RFK Jr. starts the day not with a medical briefing, but by checking under his bed for microchips planted by Pfizer. Once he’s satisfied the room is “electromagnetically clear,” he downs a breakfast smoothie of kale, unpasteurised goat milk, and “negative energy blockers” while scanning YouTube for videos exposing the “real truth” about vaccines, Wi-Fi signals, and toothpaste. By 6am, he’s already drafted three executive memos: one banning fluoride, another urging Americans to replace their GPs with “intuition,” and a third reminding parents that measles “builds character.”
At 9am, he holds a staff meeting. Instead of discussing health policy, he orders aides to replace all stethoscopes with tuning forks, declaring: “Western medicine has lied to us long enough. Heartbeats should be felt spiritually, not listened to.”
By mid-morning, he issues a new directive: vaccines will be replaced by “wellness seminars” on positive thinking. When a doctor raises concerns about polio making a comeback, Kennedy assures him: “Children need challenges. Polio builds resilience.”
Lunch is spent live-streaming on X (formerly Twitter), where he unveils his latest policy idea: banning thermometers for being “tools of the devil.” Instead, he proposes that Americans simply “guess their temperature based on vibes.”
In the afternoon he tours a hospital, confiscating face masks while shouting: “Set your lungs free!” Nurses quietly put them back on once he leaves.

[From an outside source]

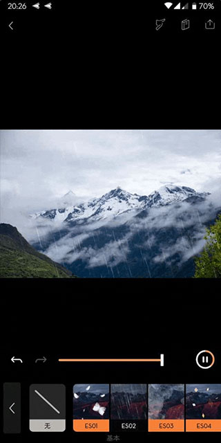 若想为画面增添“山中细雨,润物无声”的意境,可在“覆层”中选择“细雨”特效,并调节强度,避免喧宾夺主,保留照片原有美感。

The day closes with Kennedy signing an executive order mandating that oregano oil, crystals, and chanting replace antibiotics. He congratulates himself with a glass of organic kombucha and a good long read of conspiracy blogs and streaming Alex Jones videos before bed.
Somehow, it all makes its way into an official White House statement:
White House Press Release
For Immediate Release
Health Secretary Kennedy Unveils Bold New Public Health Agenda
Today, U.S. Health Secretary Robert F. Kennedy Jr. proudly announced a sweeping set of reforms designed to “liberate Americans from the tyranny of science.”
Key achievements from the Secretary’s schedule include:
- Ban on Stethoscopes – Declaring them “listening devices for Big Pharma,” Kennedy has directed all hospitals to adopt tuning forks and “gut instinct” diagnostics.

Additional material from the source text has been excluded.